Work required:
In the records below, repeat exactly the lines between the line holding "A U.S. RC-135U" and the line holding "عقدت الدكتورة رباب", inclusive, and drop the pictures.
-- Extracted data follows --
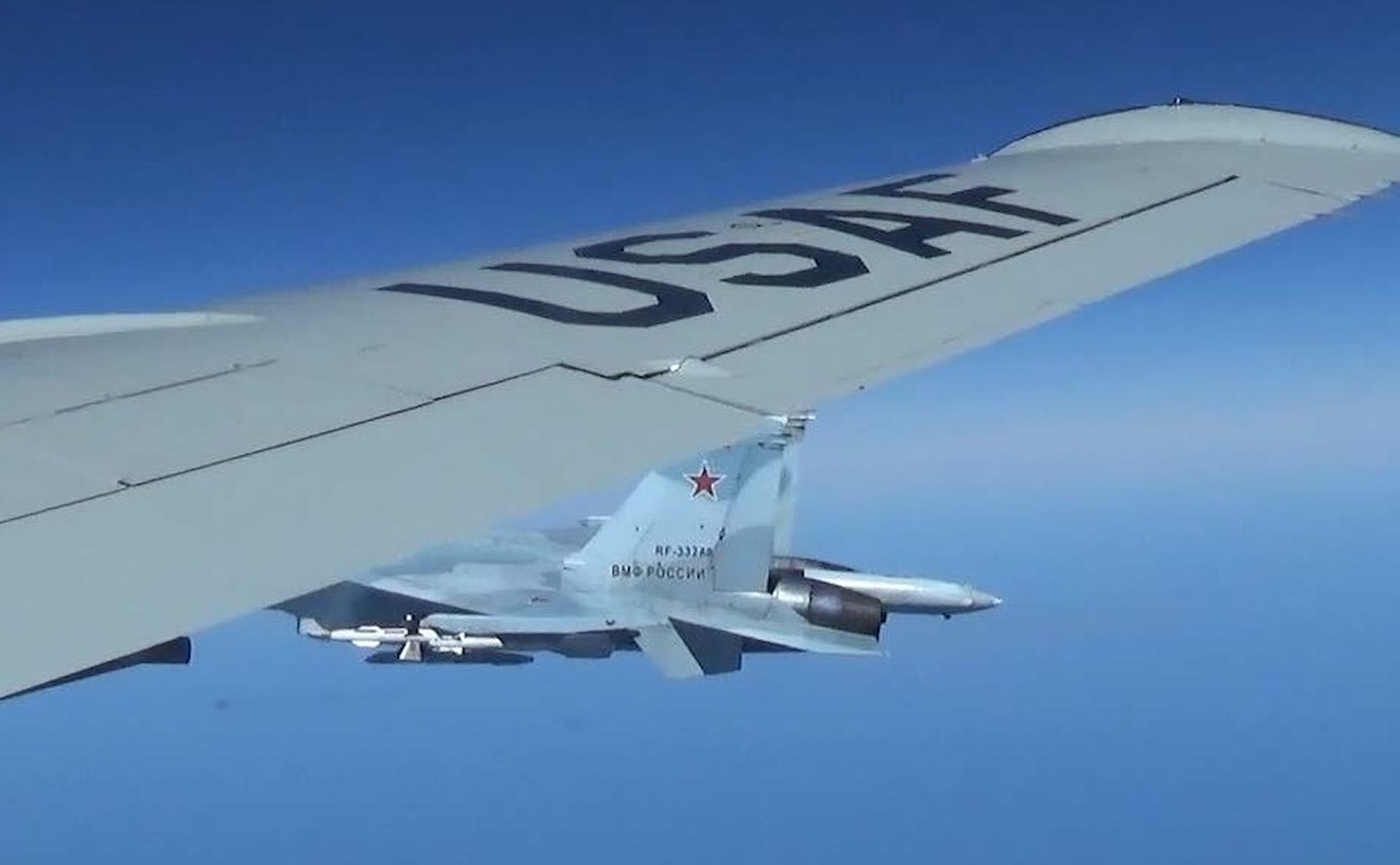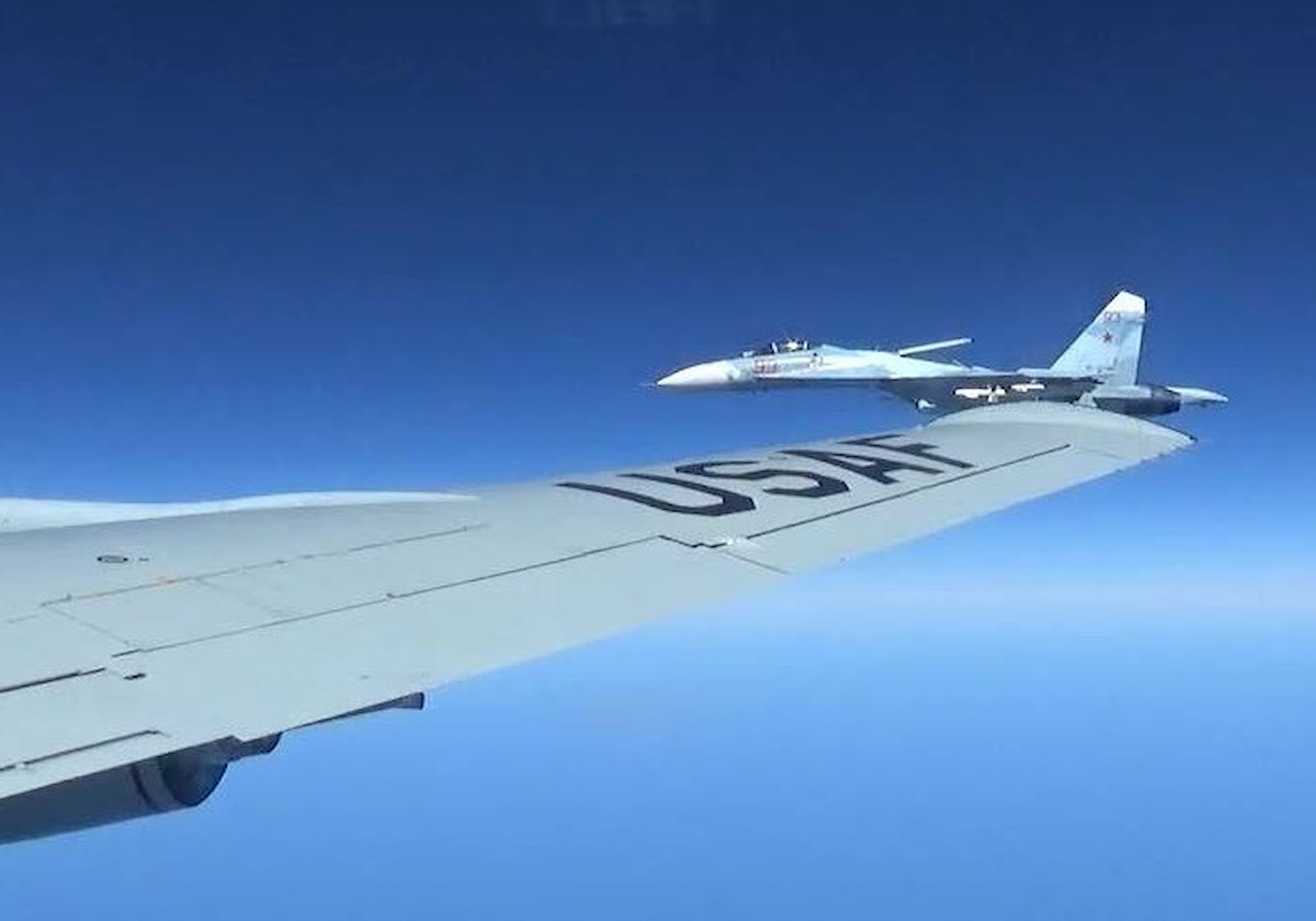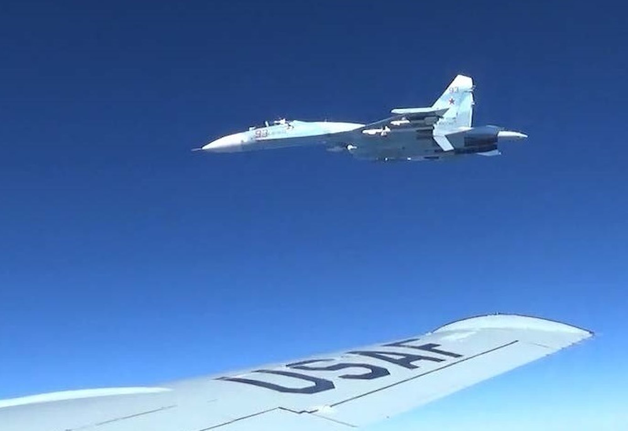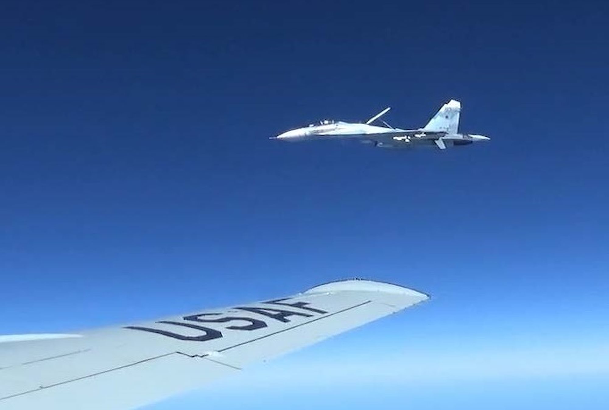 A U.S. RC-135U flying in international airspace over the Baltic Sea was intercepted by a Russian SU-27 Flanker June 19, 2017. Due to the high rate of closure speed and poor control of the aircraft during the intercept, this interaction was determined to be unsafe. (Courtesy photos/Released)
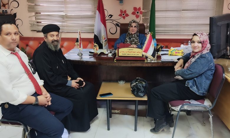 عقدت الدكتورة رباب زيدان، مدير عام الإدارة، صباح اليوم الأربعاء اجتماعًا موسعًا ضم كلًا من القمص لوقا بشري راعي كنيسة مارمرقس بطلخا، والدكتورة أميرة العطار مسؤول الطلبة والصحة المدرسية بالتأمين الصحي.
-- Extracted data concluded --
-- Extracted data follows --
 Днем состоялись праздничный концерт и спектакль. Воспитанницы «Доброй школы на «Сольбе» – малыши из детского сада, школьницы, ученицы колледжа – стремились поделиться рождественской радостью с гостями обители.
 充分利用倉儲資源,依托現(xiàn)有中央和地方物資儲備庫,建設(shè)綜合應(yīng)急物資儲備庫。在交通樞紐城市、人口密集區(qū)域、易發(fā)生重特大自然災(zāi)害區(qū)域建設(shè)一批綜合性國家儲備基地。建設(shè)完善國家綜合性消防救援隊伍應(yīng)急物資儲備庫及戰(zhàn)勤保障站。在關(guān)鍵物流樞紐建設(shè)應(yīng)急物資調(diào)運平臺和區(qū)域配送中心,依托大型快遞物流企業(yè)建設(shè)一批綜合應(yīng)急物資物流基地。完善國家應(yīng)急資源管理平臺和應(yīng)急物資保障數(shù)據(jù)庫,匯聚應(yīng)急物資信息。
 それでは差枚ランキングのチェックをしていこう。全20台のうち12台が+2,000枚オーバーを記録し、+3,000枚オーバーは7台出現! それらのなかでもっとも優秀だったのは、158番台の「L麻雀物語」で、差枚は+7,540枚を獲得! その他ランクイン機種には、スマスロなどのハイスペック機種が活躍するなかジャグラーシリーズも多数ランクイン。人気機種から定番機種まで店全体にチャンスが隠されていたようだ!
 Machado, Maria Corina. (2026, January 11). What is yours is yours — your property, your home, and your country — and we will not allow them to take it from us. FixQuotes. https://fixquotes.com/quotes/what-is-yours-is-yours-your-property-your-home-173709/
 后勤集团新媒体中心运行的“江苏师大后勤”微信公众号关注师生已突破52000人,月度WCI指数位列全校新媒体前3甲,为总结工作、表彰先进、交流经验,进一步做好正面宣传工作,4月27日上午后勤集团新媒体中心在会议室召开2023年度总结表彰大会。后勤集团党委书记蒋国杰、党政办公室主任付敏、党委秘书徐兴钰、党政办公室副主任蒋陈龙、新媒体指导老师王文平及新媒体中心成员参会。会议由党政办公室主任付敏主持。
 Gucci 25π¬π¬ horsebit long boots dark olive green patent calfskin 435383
-- Extracted data concluded --
The completed task:
 A U.S. RC-135U flying in international airspace over the Baltic Sea was intercepted by a Russian SU-27 Flanker June 19, 2017. Due to the high rate of closure speed and poor control of the aircraft during the intercept, this interaction was determined to be unsafe. (Courtesy photos/Released)
 عقدت الدكتورة رباب زيدان، مدير عام الإدارة، صباح اليوم الأربعاء اجتماعًا موسعًا ضم كلًا من القمص لوقا بشري راعي كنيسة مارمرقس بطلخا، والدكتورة أميرة العطار مسؤول الطلبة والصحة المدرسية بالتأمين الصحي.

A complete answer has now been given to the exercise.